GLOBAL MARKETS – Global equities return as investors weigh on the economy over diplomacy

* Asian stocks returned from 3-month lows

* Economic optimism thwarted by concerns about tensions between China and the US

* The euro / dollar is the lowest since November in terms of divergent health prospects

* European shares increased by 0.6-0.8%

TOKYO, March 26 (Reuters) – Global equities returned to a three-month low on Friday, as investors focused more on optimism about the global economic recovery than on rising tensions between the West and China.

European stocks appear to be opening up more, with Euro Stoxx futures rising 0.8% and British FTSE futures gaining 0.61%.

The former MSCI Asia Index rose 1.43% after hitting a three-month low on Thursday, as the Shanghai Composite Index gained 1.53%, recording a three-day loss.

On Thursday, Chinese stocks fell to a three-month low at the beginning of the month. The European Union joined Washington’s allies last week in imposing sanctions on officials in China’s Xinjiang region on charges of human rights abuses, leading to sanctions in retaliation in Beijing.

“All the sanctions so far have been largely symbolic and should have little economic impact. But the Sino-US confrontation affects market sentiment. It could take some time for them to reach any compromise, “said Yasutada Suzuki, head of emerging market investments at Sumitomo Mitsui Bank.

The Japanese Nikkei rose 1.47% after Wall Street staged a rally, driven by cheap, cyclical stocks that were hit by the pandemic.

The Dow Jones industrial average rose 0.62% and the S&P 500 gained 0.52%, while the Nasdaq Composite added just 0.12%.

“It’s the end of the month, the end of the quarter and for Japanese players, at the end of the financial year, so we see random flows from all kinds of players,” said Masanari Takada, an asset cross strategist at Nomura Securities.

“But overall, those who led the trade based on their positive view of the Chinese economy are now closing their positions, while those who failed to go on that wave are looking to see if they should buy on the dive.”

While markets were driven more by various end-of-quarter transactions than by the news flow, analysts noted that overnight headlines largely supported equities.

Data from the US Department of Labor showed that claims for unemployment benefits fell to a one-year low last week, a sign that the US economy is on the verge of growing stronger as the public health situation improves.

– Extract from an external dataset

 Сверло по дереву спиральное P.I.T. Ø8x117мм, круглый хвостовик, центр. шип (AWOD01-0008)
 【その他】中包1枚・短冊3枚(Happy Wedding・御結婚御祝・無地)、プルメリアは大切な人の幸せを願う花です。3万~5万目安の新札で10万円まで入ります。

In his first official press conference, US President Joe Biden said he would double his administration’s vaccination launch plan after reaching the previous target of 100 million photos 42 days ahead of schedule.

But while improving the US health crisis has sustained global risk appetite, investors are increasingly alarmed by a divergence in health conditions.

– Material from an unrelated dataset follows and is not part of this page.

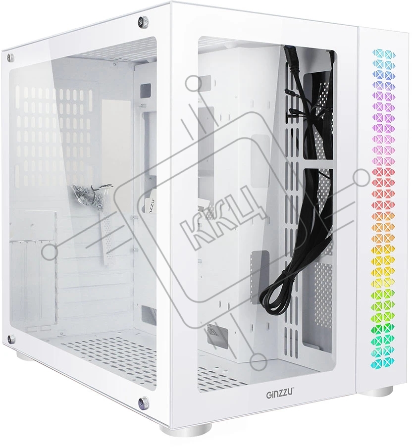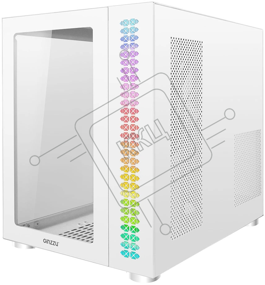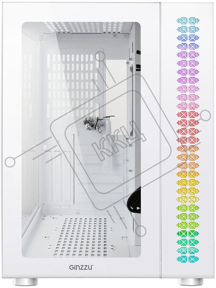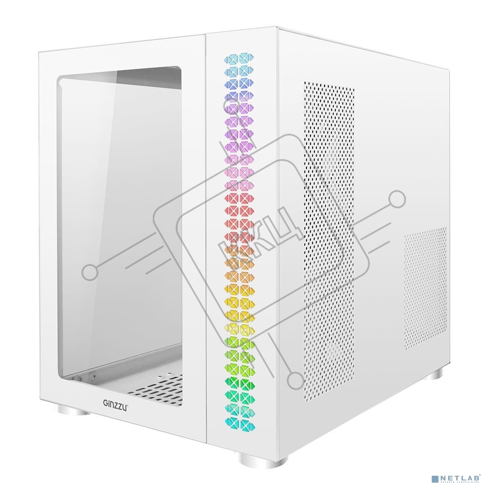 Компьютерный корпус Ginzzu V560 RGb подсветка, закаленное стекло 1*USB 3.0,1*USB 2.0, AU белый ATX

“Vaccination in continental Europe is falling behind. In relation to the USA, the economic reopening will probably be delayed, because some countries are forced to impose blockades “, said Soichiro Matsumoto, investment director, Japan, at the private banking unit of Credit Suisse in Tokyo.

This put pressure on the euro, which licked its wounds to $ 1.1782 after falling above $ 1.1762 overnight, its lowest levels since November.

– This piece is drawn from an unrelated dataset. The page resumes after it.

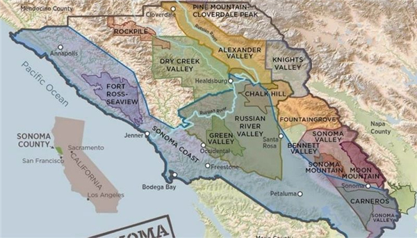 知名的納帕谷AVA旁邊,其實有一個較鮮為人知但圈內人很推崇的大產區,叫索諾馬 (Sonoma) AVA,其緯度、氣候與納帕谷相當,區域面積更廣,也更靠近海洋,整體而言更能凸顯風土變化,因此更能夠找到適合每一品種的區域進行種植。

The dollar also rose to 109.21 yen, a striking distance from last week’s nine-month high of 109,365 yen.

The US index was near its highest level since mid-November, after gaining 2.0% so far this month.

Oil prices recovered slightly from a 4% drop on Thursday, although they are on track for the third consecutive week of losses due to concerns about a further reduction in demand.

In addition to Europe, major developing economies, such as Brazil and India, are also struggling with a resurgence of COVID-19 cases.

The market has attracted some more support due to supply disruptions, as a container ship stranded in the Suez Canal could block the vital shipping lane for weeks.

American crude oil rose last time by 1.33% to $ 59.35 a barrel, and Brent to $ 62.62, up 1.08%.